Join, subset and manipulate ChIPprofile objects

Description

Join, subset and manipulate ChIPprofile objects

Usage

## S4 method for signature 'ChIPprofile'
c(x, ..., recursive = FALSE)

## S4 method for signature 'ChIPprofile'
rbind(x, ..., deparse.level = 1)

## S4 method for signature 'ChIPprofile'
cbind(x, ..., deparse.level = 1)

## S4 method for signature 'ChIPprofile,ANY,missing'
x[[i, j, ...]]

## S4 method for signature 'ChIPprofile'
x$name

Arguments

j

Should be missing

...

objects to be concatenated.

recursive

logical. If recursive = TRUE, the function recursively descends through lists (and pairlists) combining all their elements into a vector.

deparse.level

See ?base::cbind for a description of this argument.

x

object from which to extract element(s) or in which to replace element(s).

i

indices specifying elements to extract or replace. Indices are numeric or character vectors or empty (missing) or NULL. Numeric values are coerced to integer as by as.integer (and hence truncated towards zero). Character vectors will be matched to the names of the object (or for matrices/arrays, the dimnames): see ‘Character indices’ below for further details.

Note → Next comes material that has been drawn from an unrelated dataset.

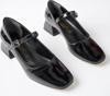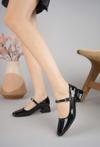 The blunt toe cut integrates with the patent leather shiny material, allowing you to achieve a simple and elegant look. The thick heel, which has been the trend of recent years, appears before you with a different design in this model. This model, which will accompany you in your elegance with your daily clothes or on special occasions, is now on sale for you.
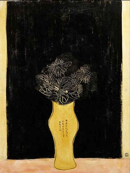 《題字瓶與白菊》 1930年代 常玉 布上油畫 72×53.5cm

For [-indexing only: i, j, ... can be logical vectors, indicating elements/slices to select. Such vectors are recycled if necessary to match the corresponding extent. i, j, ... can also be negative integers, indicating elements/slices to leave out of the selection.

When indexing arrays by [ a single argument i can be a matrix with as many columns as there are dimensions of x; the result is then a vector with elements corresponding to the sets of indices in each row of i.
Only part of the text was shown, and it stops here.